- TASK INPUTS:
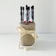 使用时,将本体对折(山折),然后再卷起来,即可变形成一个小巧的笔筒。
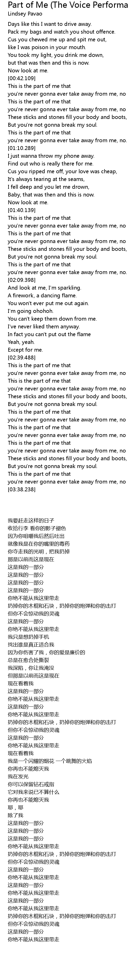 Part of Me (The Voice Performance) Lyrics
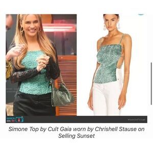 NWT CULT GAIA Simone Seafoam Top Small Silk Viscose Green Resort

...

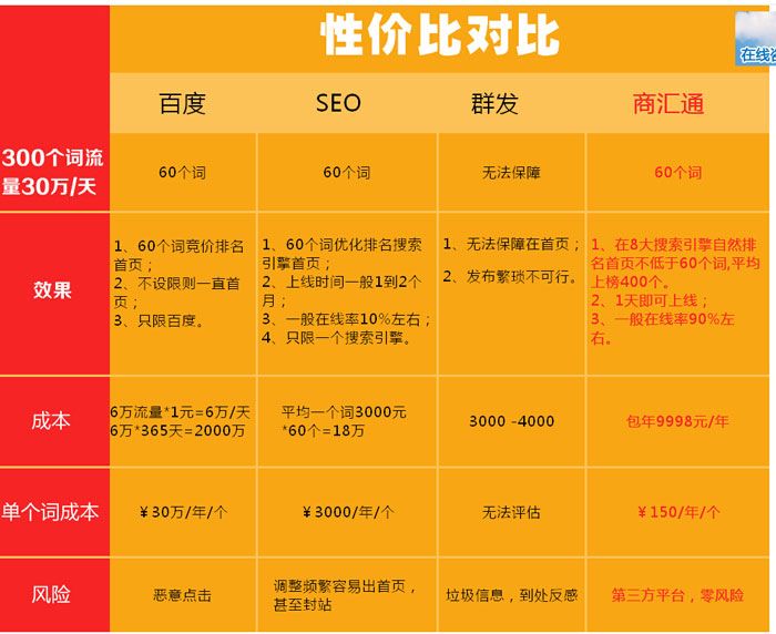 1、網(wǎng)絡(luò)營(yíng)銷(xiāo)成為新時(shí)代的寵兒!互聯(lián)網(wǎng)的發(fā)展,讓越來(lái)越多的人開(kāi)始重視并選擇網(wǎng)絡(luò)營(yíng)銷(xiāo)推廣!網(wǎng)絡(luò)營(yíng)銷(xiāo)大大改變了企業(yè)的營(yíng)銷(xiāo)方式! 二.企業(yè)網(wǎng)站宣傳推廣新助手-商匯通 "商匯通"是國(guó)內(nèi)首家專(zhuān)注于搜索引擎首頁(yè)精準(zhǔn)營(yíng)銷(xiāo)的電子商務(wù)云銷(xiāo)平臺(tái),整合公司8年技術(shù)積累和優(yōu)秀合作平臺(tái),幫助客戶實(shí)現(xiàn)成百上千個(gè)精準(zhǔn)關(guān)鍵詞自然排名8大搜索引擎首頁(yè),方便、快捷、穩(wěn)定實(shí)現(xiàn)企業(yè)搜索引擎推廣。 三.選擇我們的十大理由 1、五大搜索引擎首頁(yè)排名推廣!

- TASK INSTRUCTIONS:
Would you output the lines above from the line holding "使用时,将本体对折(山折),然后再卷起来,即可变形成一个小巧的笔筒。" up to and including the line holding "NWT CULT GAIA", exactly and only those, with no pictures?

- ANSWER SECTION:
 使用时,将本体对折(山折),然后再卷起来,即可变形成一个小巧的笔筒。
 Part of Me (The Voice Performance) Lyrics
 NWT CULT GAIA Simone Seafoam Top Small Silk Viscose Green Resort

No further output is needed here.